Omit any picture, and return the remaining data exactly as written.

§ Recorded data
※ ※ ※

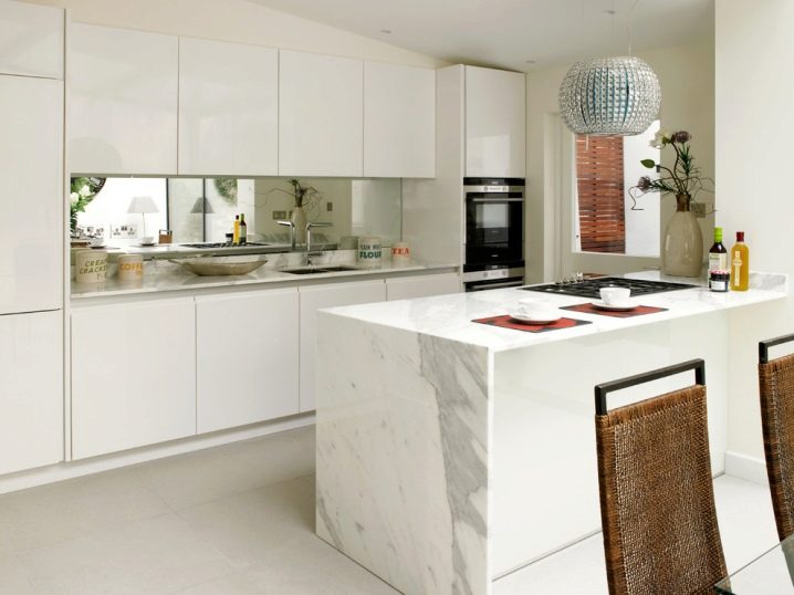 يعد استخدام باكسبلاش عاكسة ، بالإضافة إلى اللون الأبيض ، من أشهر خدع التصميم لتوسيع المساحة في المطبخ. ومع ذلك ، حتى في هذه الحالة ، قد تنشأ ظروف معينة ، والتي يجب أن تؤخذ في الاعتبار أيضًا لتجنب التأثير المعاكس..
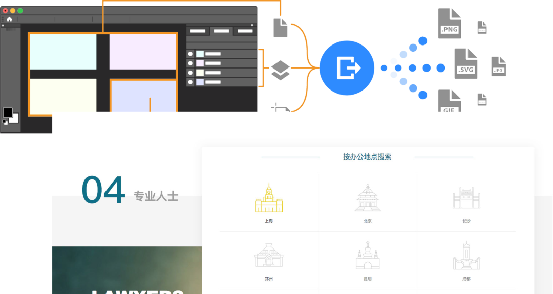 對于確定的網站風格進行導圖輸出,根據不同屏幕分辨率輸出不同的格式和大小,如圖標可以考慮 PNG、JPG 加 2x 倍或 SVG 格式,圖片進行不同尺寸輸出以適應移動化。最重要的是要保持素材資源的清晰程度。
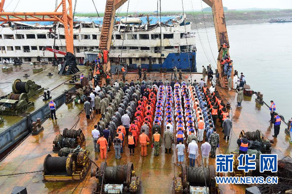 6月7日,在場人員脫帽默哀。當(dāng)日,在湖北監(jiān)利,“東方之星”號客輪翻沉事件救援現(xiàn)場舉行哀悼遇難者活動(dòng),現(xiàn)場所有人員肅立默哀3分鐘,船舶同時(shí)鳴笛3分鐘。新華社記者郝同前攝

※ ※ ※

§ Result for this task
 يعد استخدام باكسبلاش عاكسة ، بالإضافة إلى اللون الأبيض ، من أشهر خدع التصميم لتوسيع المساحة في المطبخ. ومع ذلك ، حتى في هذه الحالة ، قد تنشأ ظروف معينة ، والتي يجب أن تؤخذ في الاعتبار أيضًا لتجنب التأثير المعاكس..
 對于確定的網站風格進行導圖輸出,根據不同屏幕分辨率輸出不同的格式和大小,如圖標可以考慮 PNG、JPG 加 2x 倍或 SVG 格式,圖片進行不同尺寸輸出以適應移動化。最重要的是要保持素材資源的清晰程度。
 6月7日,在場人員脫帽默哀。當(dāng)日,在湖北監(jiān)利,“東方之星”號客輪翻沉事件救援現(xiàn)場舉行哀悼遇難者活動(dòng),現(xiàn)場所有人員肅立默哀3分鐘,船舶同時(shí)鳴笛3分鐘。新華社記者郝同前攝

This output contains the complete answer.